If we want to disregard network latency and just test our Postgresql query, we can run this exact thing on our Hetzner box.

| Percentile | Latency |
|---|---|
| p50 (med) | 40.56ms |
| p95 | 57.86ms |
| p99 | 77.75ms |
Great! We saved about 120ms just from the round trip. Let’s profile our Postgres query to make extra sure.
docker compose exec postgres psql -U "${POSTGRES_USER:-postgres}" urlshortener -c "EXPLAIN ANALYZE SELECT original_url FROM urls WHERE slug = 'WY3Ly9Yd';"
QUERY PLAN
-----------------------------------------------------------------------------------------------------------------
Bitmap Heap Scan on urls (cost=4.14..8.15 rows=1 width=20) (actual time=0.029..0.030 rows=1 loops=1)

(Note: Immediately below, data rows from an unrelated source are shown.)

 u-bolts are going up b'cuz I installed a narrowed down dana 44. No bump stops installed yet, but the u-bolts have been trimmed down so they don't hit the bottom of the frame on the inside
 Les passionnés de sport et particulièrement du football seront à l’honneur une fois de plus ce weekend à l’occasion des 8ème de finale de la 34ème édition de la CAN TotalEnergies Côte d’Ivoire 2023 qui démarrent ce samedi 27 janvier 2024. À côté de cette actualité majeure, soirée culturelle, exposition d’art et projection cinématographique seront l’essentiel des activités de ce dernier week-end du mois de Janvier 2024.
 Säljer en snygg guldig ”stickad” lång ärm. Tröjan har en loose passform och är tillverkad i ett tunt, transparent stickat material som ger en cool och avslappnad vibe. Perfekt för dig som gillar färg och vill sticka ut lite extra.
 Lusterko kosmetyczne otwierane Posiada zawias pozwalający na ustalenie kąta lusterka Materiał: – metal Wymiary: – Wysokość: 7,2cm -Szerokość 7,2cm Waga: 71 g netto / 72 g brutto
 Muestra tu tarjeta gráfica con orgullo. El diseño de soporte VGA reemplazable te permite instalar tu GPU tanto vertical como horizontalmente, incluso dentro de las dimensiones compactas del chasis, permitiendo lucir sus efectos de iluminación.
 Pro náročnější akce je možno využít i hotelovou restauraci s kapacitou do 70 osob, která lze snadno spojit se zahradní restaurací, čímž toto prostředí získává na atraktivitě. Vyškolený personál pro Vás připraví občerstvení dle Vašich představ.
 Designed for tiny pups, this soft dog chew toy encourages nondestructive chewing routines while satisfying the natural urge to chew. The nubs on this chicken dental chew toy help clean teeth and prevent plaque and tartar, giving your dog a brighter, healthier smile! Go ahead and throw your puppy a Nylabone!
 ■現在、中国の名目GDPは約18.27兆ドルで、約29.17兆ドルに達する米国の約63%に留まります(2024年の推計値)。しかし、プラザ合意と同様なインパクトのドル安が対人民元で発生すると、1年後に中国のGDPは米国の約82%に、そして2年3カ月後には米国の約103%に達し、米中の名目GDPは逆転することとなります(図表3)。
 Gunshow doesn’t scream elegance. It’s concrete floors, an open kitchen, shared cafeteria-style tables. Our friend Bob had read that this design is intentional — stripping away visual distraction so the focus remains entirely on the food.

Recheck Cond: (slug = 'WY3Ly9Yd'::text)
Heap Blocks: exact=1
-> Bitmap Index Scan on slug_idx (cost=0.00..4.14 rows=1 width=0) (actual time=0.012..0.012 rows=1 loops=1)

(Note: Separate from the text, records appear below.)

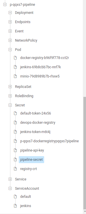 }我们通过kubernator ui查看下数据面k8s中部署的有关pipeline的资源,如图所示: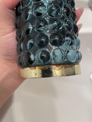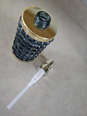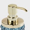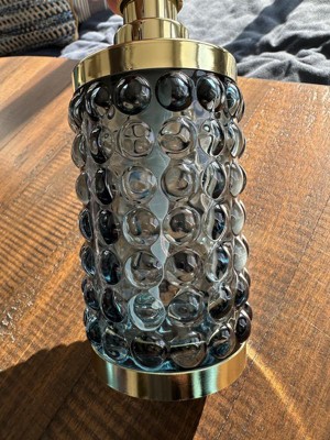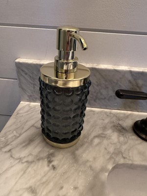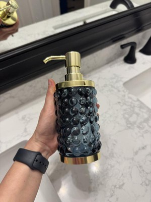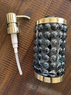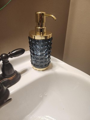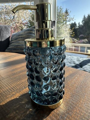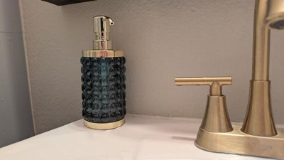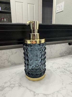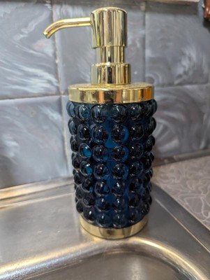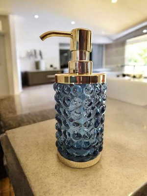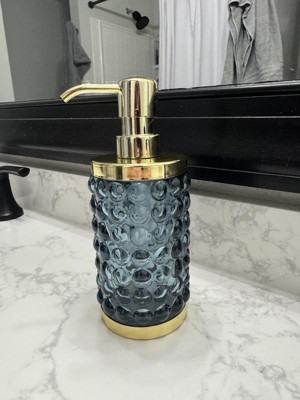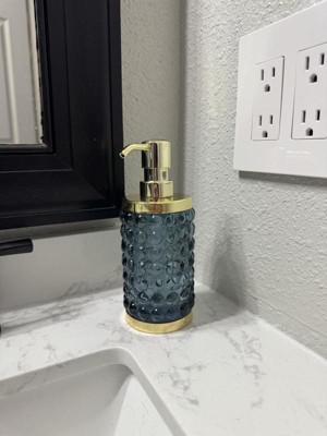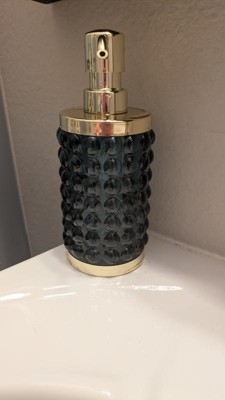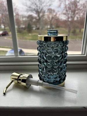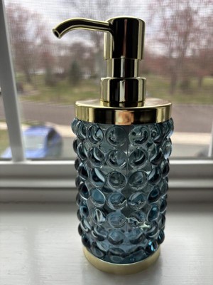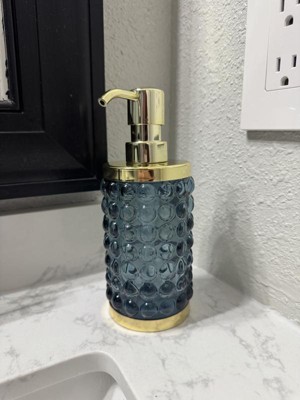 Add a luxurious and functional touch to your bathroom with this Textured Glass Soap Pump from Threshold™. Made of glass, this soap pump features a gold-tone base and dispenser for elegant charm, while the bubble-like raised design adds an aquatic touch. Compatible with lotions and liquid soaps, this 9.8-fluid-ounce soap pump in blue is a must-have addition to your bathroom.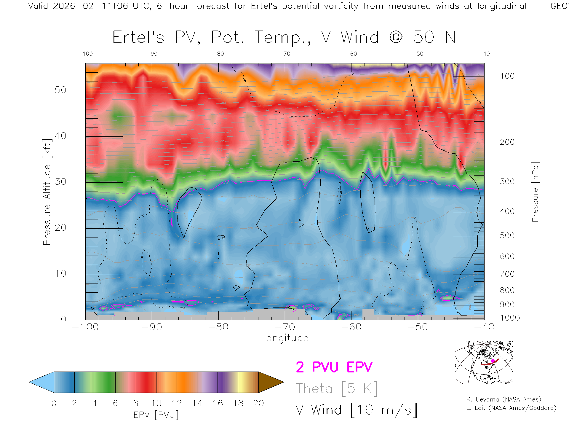 GEOS Forecast PV X-Section (50 N)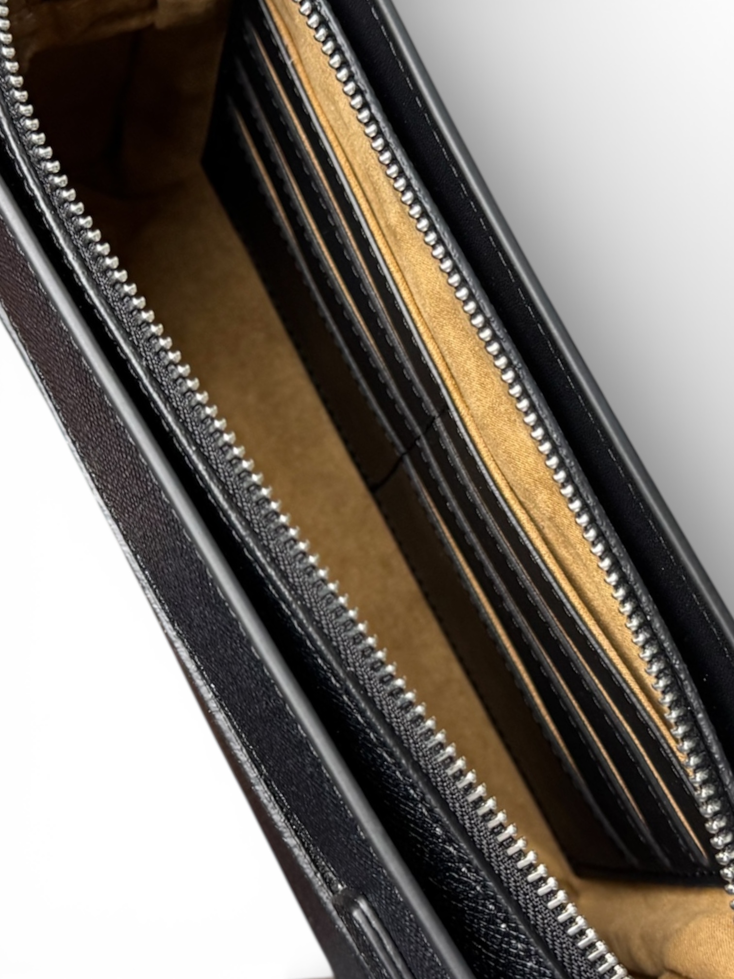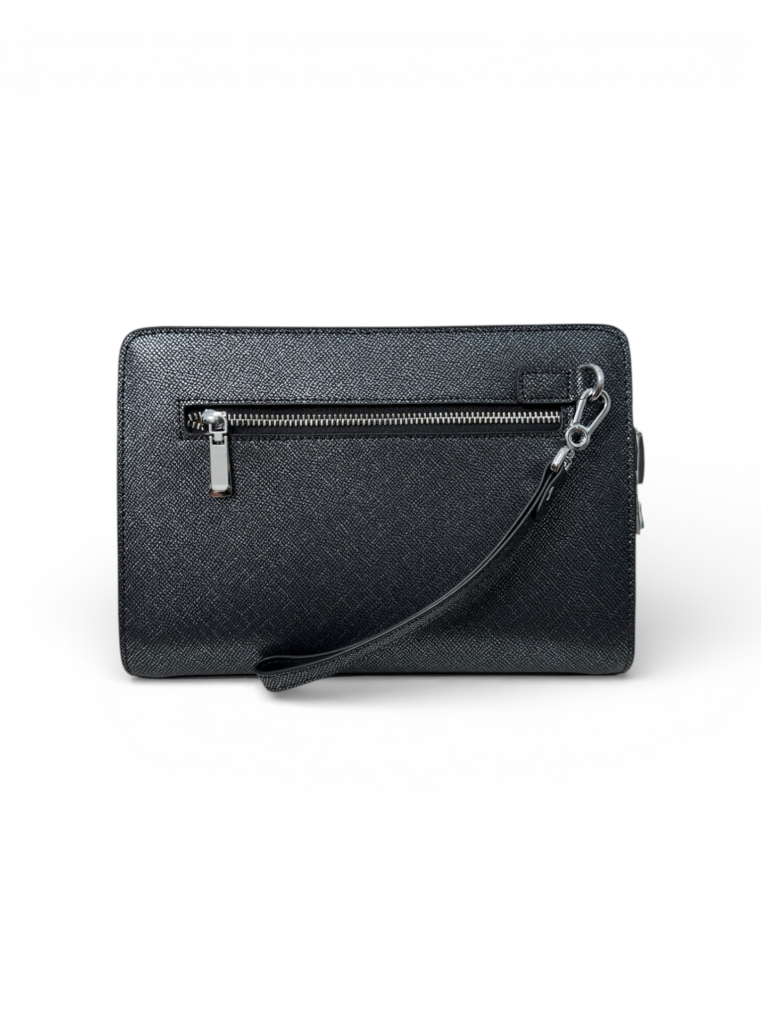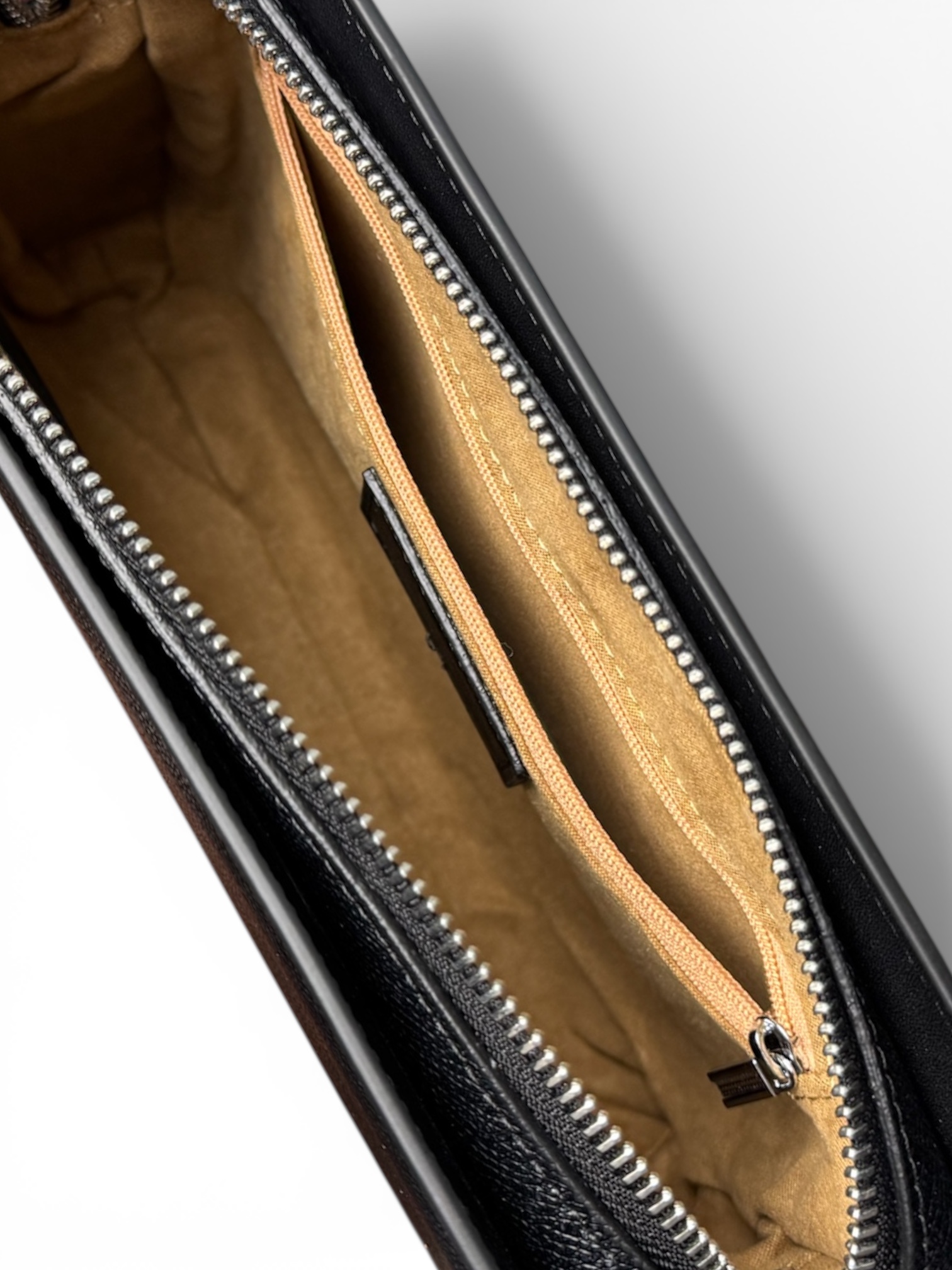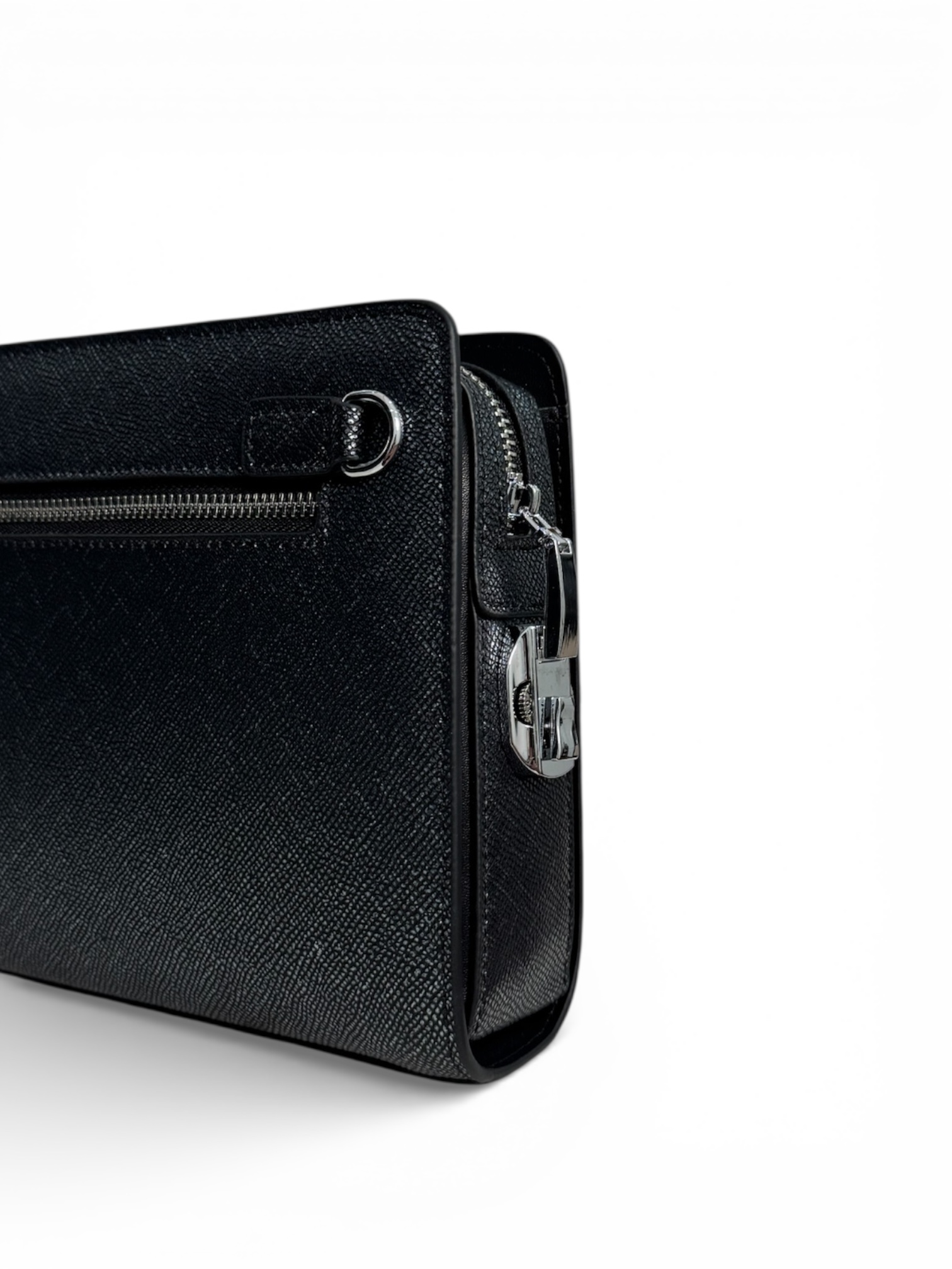 Внутренняя отделка выполнена из алькантары — мягкая, приятная на ощупь и хорошо защищает вещи внутри. Для быстрого доступа предусмотрен внешний карман на молнии — удобно положить телефон, карту, ключи или наушники. Ремешок для руки на карабине помогает комфортно носить барсетку и держать её под контролем.

Index Cond: (slug = 'WY3Ly9Yd'::text)
Planning Time: 0.419 ms
Execution Time: 0.091 ms
(7 rows)
The planning time is the time postgres took to optimize the query. The execution time is the time to actually execute the query.
The important thing isn’t the absolute numbers, it’s having them. Every subsequent phase will change something about the system and we’ll compare against this baseline.

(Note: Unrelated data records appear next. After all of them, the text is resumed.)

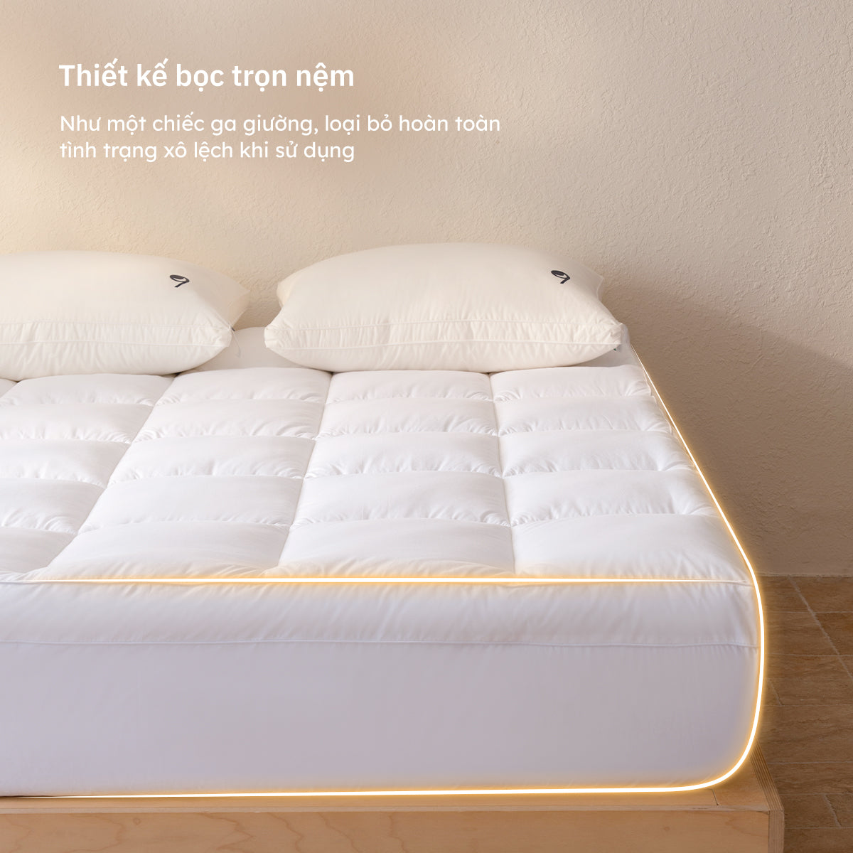 Bạn hoàn toàn có thể yên tâm. Thiết kế bọc nguyên nệm được tạo ra để tối ưu sự tiện lợi khi sử dụng. Bạn chỉ cần lồng Topper Mây vào nệm như một chiếc ga bọc, thao tác nhanh chóng và đơn giản. Khi đã cố định, topper sẽ ôm trọn bề mặt nệm, loại bỏ hoàn toàn tình trạng xô lệch khi trở mình, vừa giữ giường gọn gàng, vừa đảm bảo cảm giác ổn định và thoải mái suốt đêm.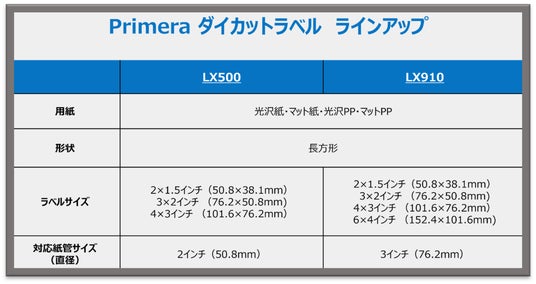 「LX500」「LX910」の取り扱い開始に合わせ、各機種でご利用いただけるダイカットラベル(予め四角などの形状に型抜きされたラベル)の取り扱いも開始いたしました。以下の標準基材・サイズのラインアップに加え、ご要望に応じたサイズ・仕様のラベル作成のご相談も承ります。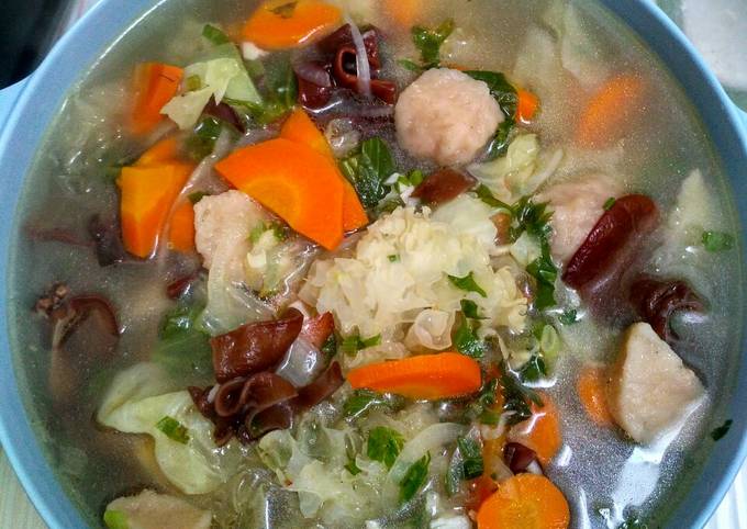 Nah, kali ini kita coba, yuk, variasikan sayur sop sendiri di rumah. Tetap berbahan sederhana, sajian ini bisa memberi manfaat untuk membantu menjaga kesehatan tubuh kita. Anda bisa membuat Sayur sop menggunakan 17 bahan dan 5 langkah pembuatan. Berikut ini langkah-langkah untuk membuat hidangannya.

The Postgres query takes 0.091ms to execute, so we can probably infer that Postgres is not the problem. The ~40ms on the VPS is the full request pipeline, which includes Caddy, Docker networking, Hono, connection pool to Postgres, etc.
What’s next
Phase 2 adds Redis. Every redirect currently hits Postgres, but a redirect is a pure read, and the slug-to-URL mapping almost never changes. It’s the ideal cache candidate. To reiterate, we are not trying to optimize speed of query — we already established that it is already sub-millisecond above. The purpose is to eliminate unnecessary queries.
But again, before we do any optimizations: measure, measure, measure. The baseline we establish here is the only honest way to know whether the next change actually helped.
You can’t manage what you don’t measure.
Disclaimer: I used AI to scaffold the implementation. All measurements, configuration decisions, and failure observations are from running this on a real VPS.